DATA PROVIDED START

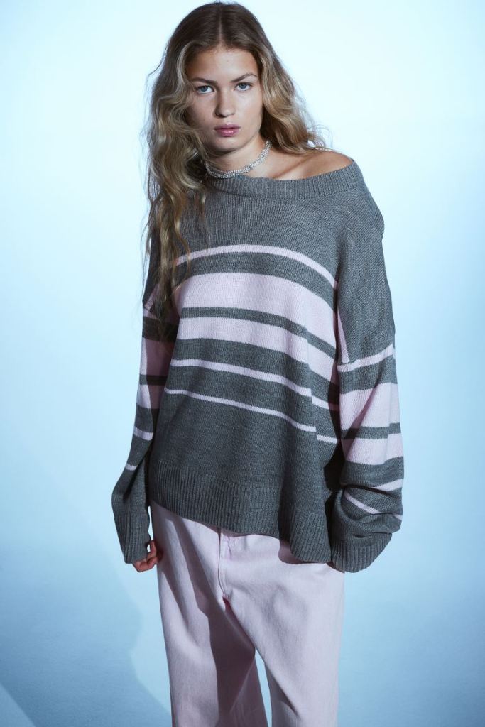 No podía faltar en nuestra selección de jerséis sueltecitos de rebajas uno con estampado de rayas. La propuesta de H&M con este print es súper amplia para ir calentita en invierno, pero este modelo nos ha gustado porque -este sí que sí- está más que tirado de precio. Esta prenda de punto de H&M tiene una rebaja del 31% y cuesta menos de 11 euros (15,99 euros 10,99 euros). Y, de nuevo, lo hemos cogido también porque es un modelo de corte ancho con cuello redondo ribeteado en canalé, hombros marcadamente caídos y remate acanalado en puños y bajo.
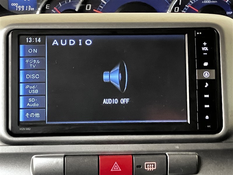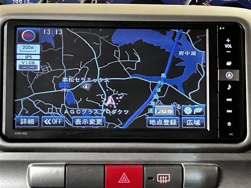 純正SDナビ付きです。フルセグでテレビも視聴出来て、CD・DVDの再生も出来ます。品番はNSZN-W62です。
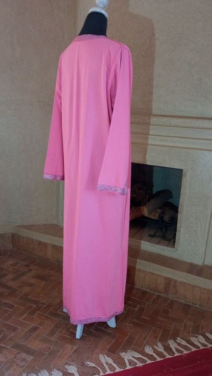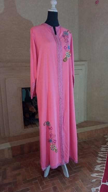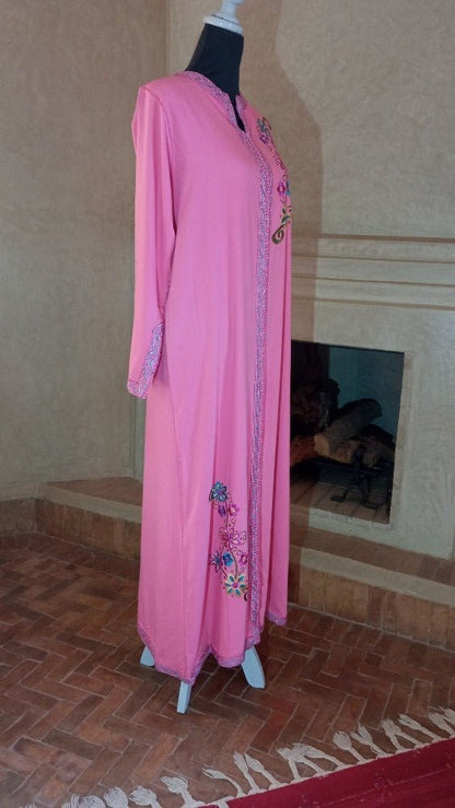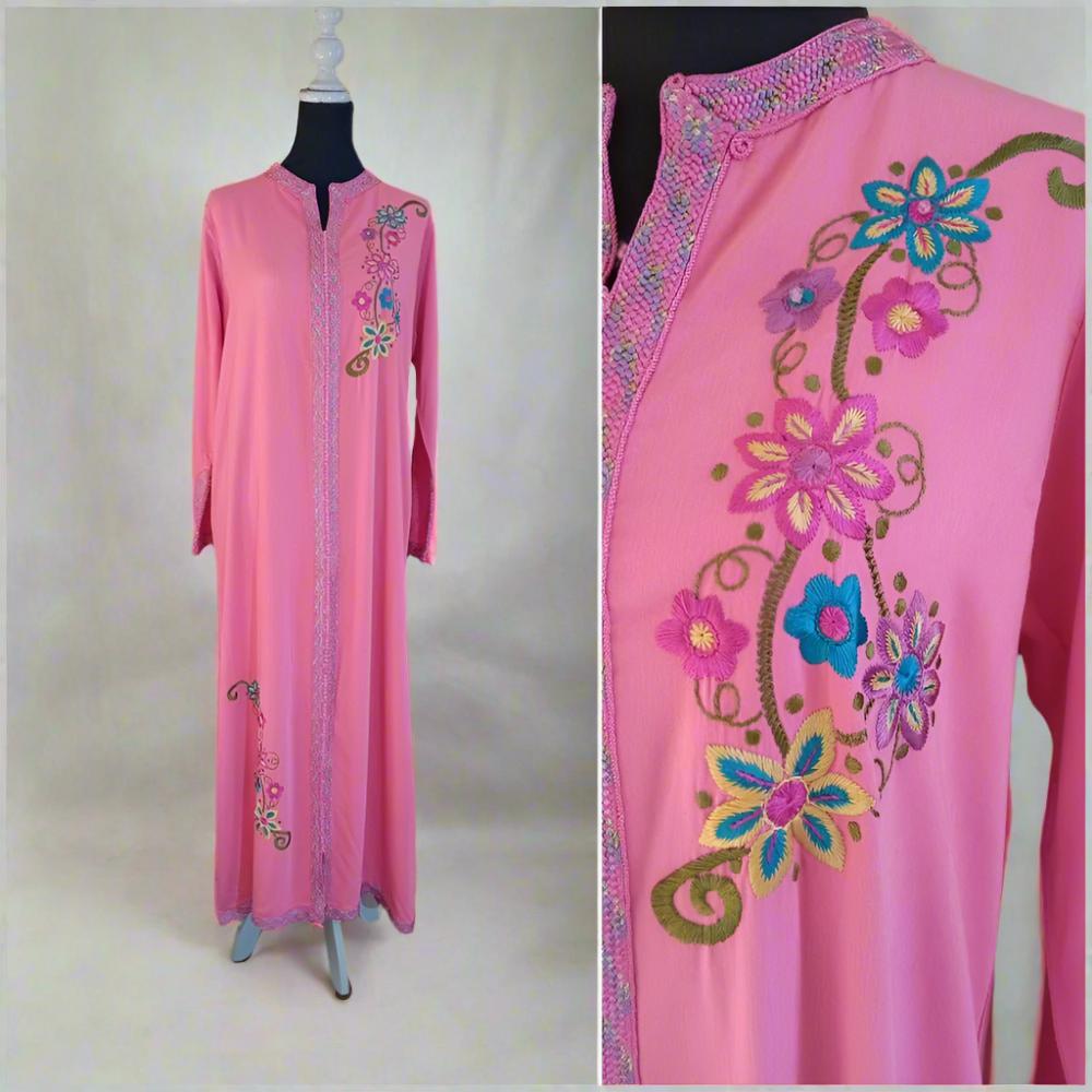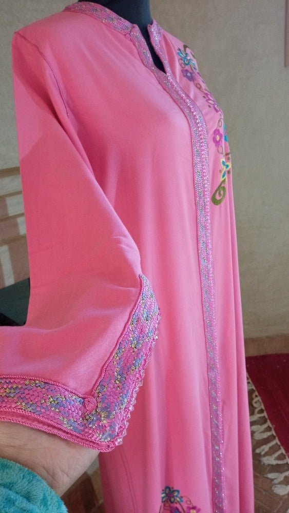 A truly magnificent pink floral caftan made in stunning Mlifa pink fabric is both sophisticated and glamorous. It has unusual bell sleeves, all finished with insanely detailed handmade colorful woven edging.
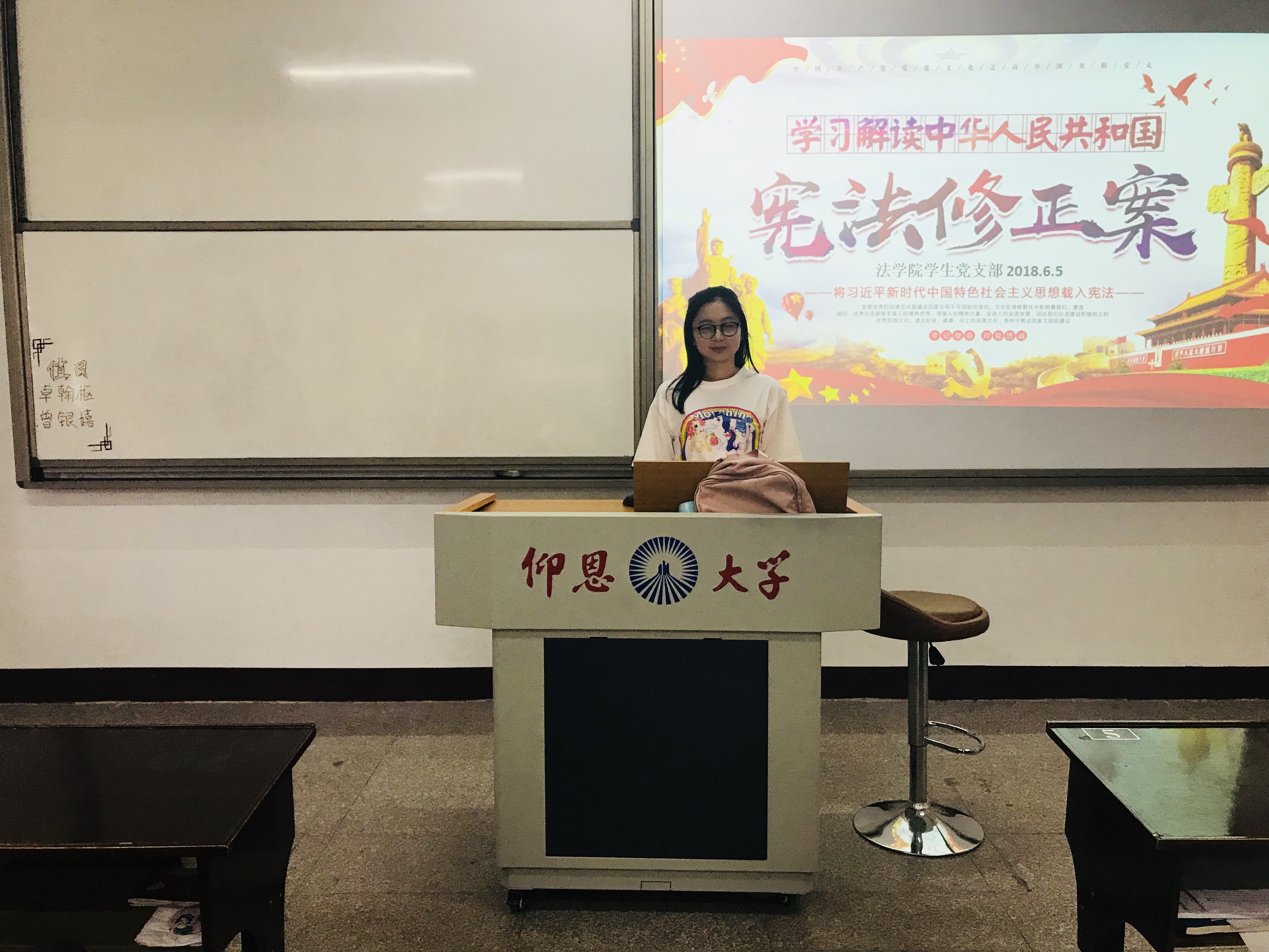 6月5日下午,beat365正版唯一官方网站学生党支部在普照楼202开展了学习《中华人民共和国宪法》的专题学习会,支部全体党员参与了本次学习会。会议由学生党支部书记林媛主持。   活动现场 “立善法于天下,则天下治”。宪法作为国之根本、法之源泉,宪法修改关系全局,影响广泛深远,学习宣传和贯彻实施宪法是认真贯彻落实党的十九大和十九届二中、三中全会精神、全国“两会”精神、全面推进法治建设的头等大事。会上,林媛为支部党员解读了宪法修改与国家治理现代化的关系,同时强调要把宪法学习上升到讲政治的高度,真正学懂弄痛做实,切实担负起维护宪法权威、捍卫宪法尊严、保证宪法实施的神圣职责。 宪法是国家的根本大法,实现了党的主张和人民意志的高度统一,具有显著优势、坚实基础、强大生命力。通过这次的学习会,党员们加深了对宪法的认识和了解,带头做宪法的忠实崇尚者,自觉遵守者和坚定捍卫者,将宪法运用到实际生活中。(beat365正版唯一官方网站学生党支部图/文)
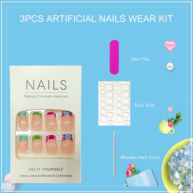 - 【French Tip Glue on Nails Kit】: There are 24pcs of medium square artificial finger nails 12different sizes, 1 mini nail file, 1 small wooden stick, 1 nail sticker in the package.(Jelly glue doesn't last as long as liquid glue, but it can make fake nails reusable. Please use suitable glue according to different occasions).
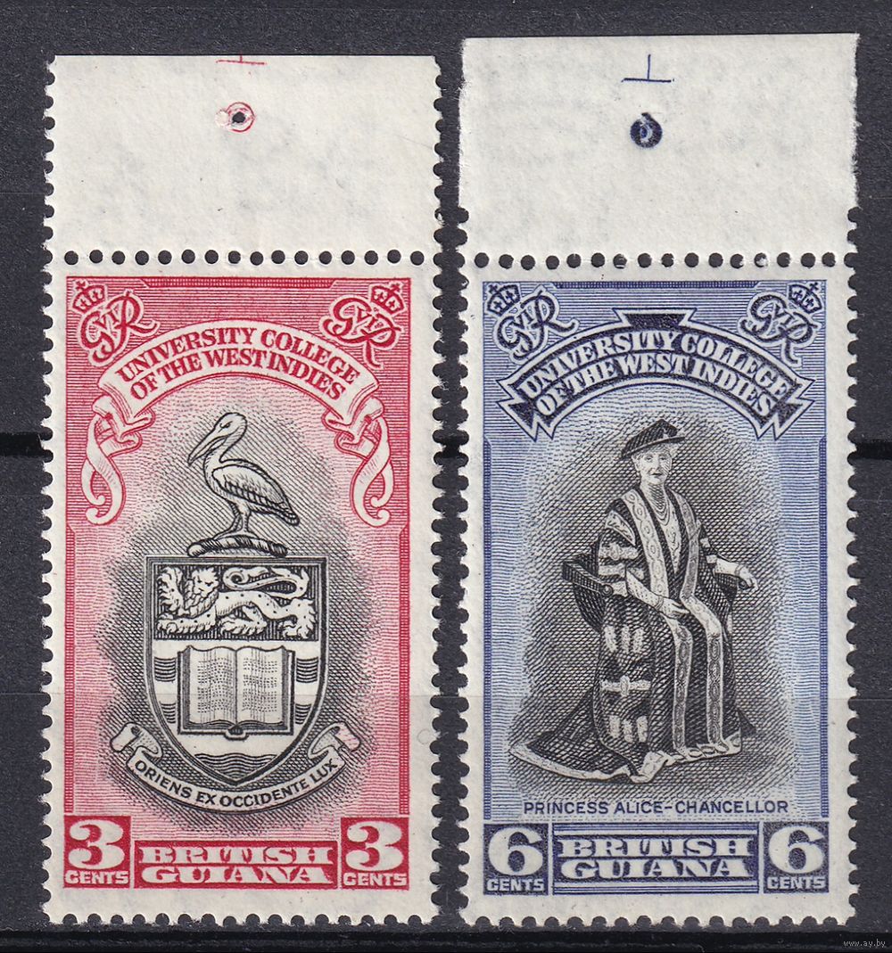 139.BrKS. Великобритания. Колонии. Британская Гвиана. Открытие Ямайского университета для британских колоний в Вест - Индии. 1951 г. Полная серия. MNH. Mi.##196-197.
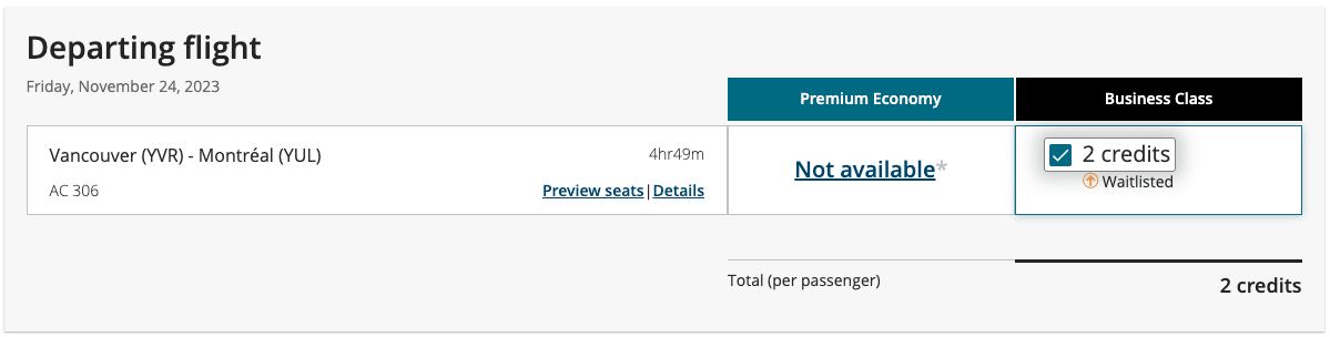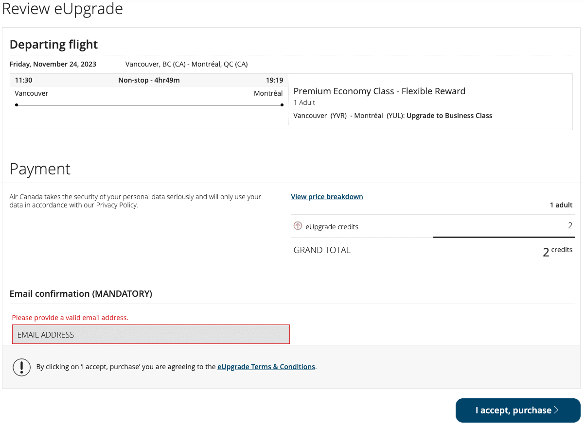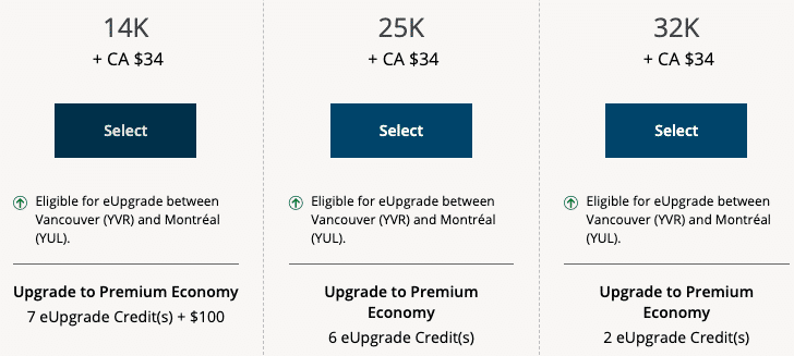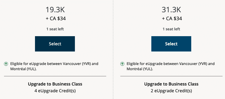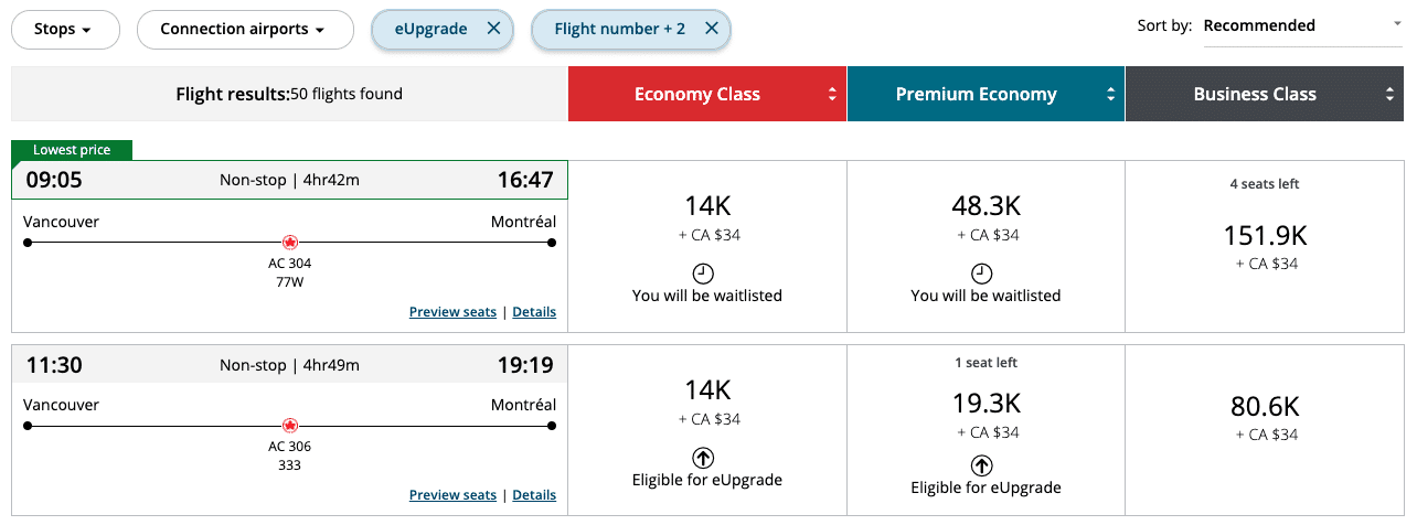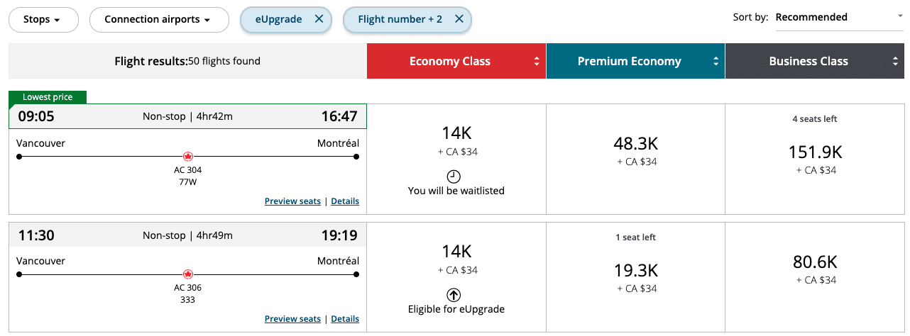 Suppose you’d like to fly from Vancouver to Montreal, and you have some eUpgrades valid for your ideal travel date of November 24. You’d be happy with either premium economy or business class, and you have 30 eUpgrades in your account that are valid for the date of travel.
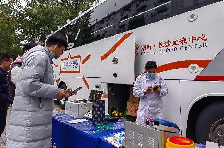 青年志愿者协会实践部联合长沙市血液中心,在升华公寓二食堂前坪举办了无偿献血公益活动。acfan
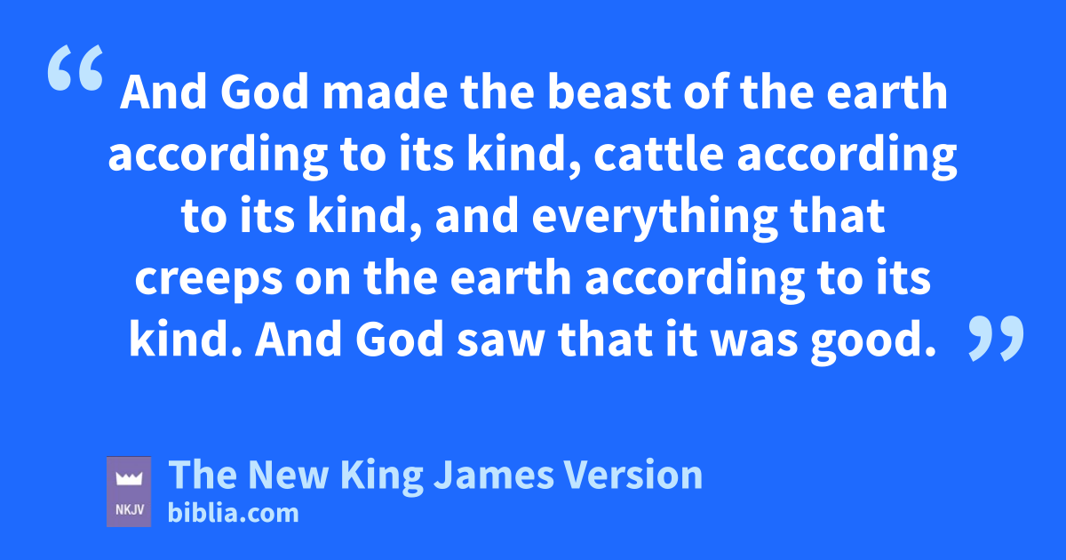 24 Then God said, “Let the earth bring forth the living creature according to its kind: cattle and creeping thing and beast of the earth, each according to its kind”; and it was so. 25 And God made the beast of the earth according to its kind, cattle according to its kind, and everything that creeps on the earth according to its kind. And God saw that it was good.
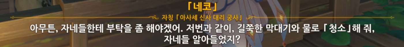 원신 히든업적 그녀와 그녀의 고양이 일일퀘스트 신사대청소 -물청소-

DATA PROVIDED END

§ **TASK STATEMENT**
Keep each line of the records exactly as it is while transcribing them, but leave the images behind.

§ **PROBLEM SOLUTION**
 No podía faltar en nuestra selección de jerséis sueltecitos de rebajas uno con estampado de rayas. La propuesta de H&M con este print es súper amplia para ir calentita en invierno, pero este modelo nos ha gustado porque -este sí que sí- está más que tirado de precio. Esta prenda de punto de H&M tiene una rebaja del 31% y cuesta menos de 11 euros (15,99 euros 10,99 euros). Y, de nuevo, lo hemos cogido también porque es un modelo de corte ancho con cuello redondo ribeteado en canalé, hombros marcadamente caídos y remate acanalado en puños y bajo.
 純正SDナビ付きです。フルセグでテレビも視聴出来て、CD・DVDの再生も出来ます。品番はNSZN-W62です。
 A truly magnificent pink floral caftan made in stunning Mlifa pink fabric is both sophisticated and glamorous. It has unusual bell sleeves, all finished with insanely detailed handmade colorful woven edging.
 6月5日下午,beat365正版唯一官方网站学生党支部在普照楼202开展了学习《中华人民共和国宪法》的专题学习会,支部全体党员参与了本次学习会。会议由学生党支部书记林媛主持。   活动现场 “立善法于天下,则天下治”。宪法作为国之根本、法之源泉,宪法修改关系全局,影响广泛深远,学习宣传和贯彻实施宪法是认真贯彻落实党的十九大和十九届二中、三中全会精神、全国“两会”精神、全面推进法治建设的头等大事。会上,林媛为支部党员解读了宪法修改与国家治理现代化的关系,同时强调要把宪法学习上升到讲政治的高度,真正学懂弄痛做实,切实担负起维护宪法权威、捍卫宪法尊严、保证宪法实施的神圣职责。 宪法是国家的根本大法,实现了党的主张和人民意志的高度统一,具有显著优势、坚实基础、强大生命力。通过这次的学习会,党员们加深了对宪法的认识和了解,带头做宪法的忠实崇尚者,自觉遵守者和坚定捍卫者,将宪法运用到实际生活中。(beat365正版唯一官方网站学生党支部图/文)
 - 【French Tip Glue on Nails Kit】: There are 24pcs of medium square artificial finger nails 12different sizes, 1 mini nail file, 1 small wooden stick, 1 nail sticker in the package.(Jelly glue doesn't last as long as liquid glue, but it can make fake nails reusable. Please use suitable glue according to different occasions).
 139.BrKS. Великобритания. Колонии. Британская Гвиана. Открытие Ямайского университета для британских колоний в Вест - Индии. 1951 г. Полная серия. MNH. Mi.##196-197.
 Suppose you’d like to fly from Vancouver to Montreal, and you have some eUpgrades valid for your ideal travel date of November 24. You’d be happy with either premium economy or business class, and you have 30 eUpgrades in your account that are valid for the date of travel.
 青年志愿者协会实践部联合长沙市血液中心,在升华公寓二食堂前坪举办了无偿献血公益活动。acfan
 24 Then God said, “Let the earth bring forth the living creature according to its kind: cattle and creeping thing and beast of the earth, each according to its kind”; and it was so. 25 And God made the beast of the earth according to its kind, cattle according to its kind, and everything that creeps on the earth according to its kind. And God saw that it was good.
 원신 히든업적 그녀와 그녀의 고양이 일일퀘스트 신사대청소 -물청소-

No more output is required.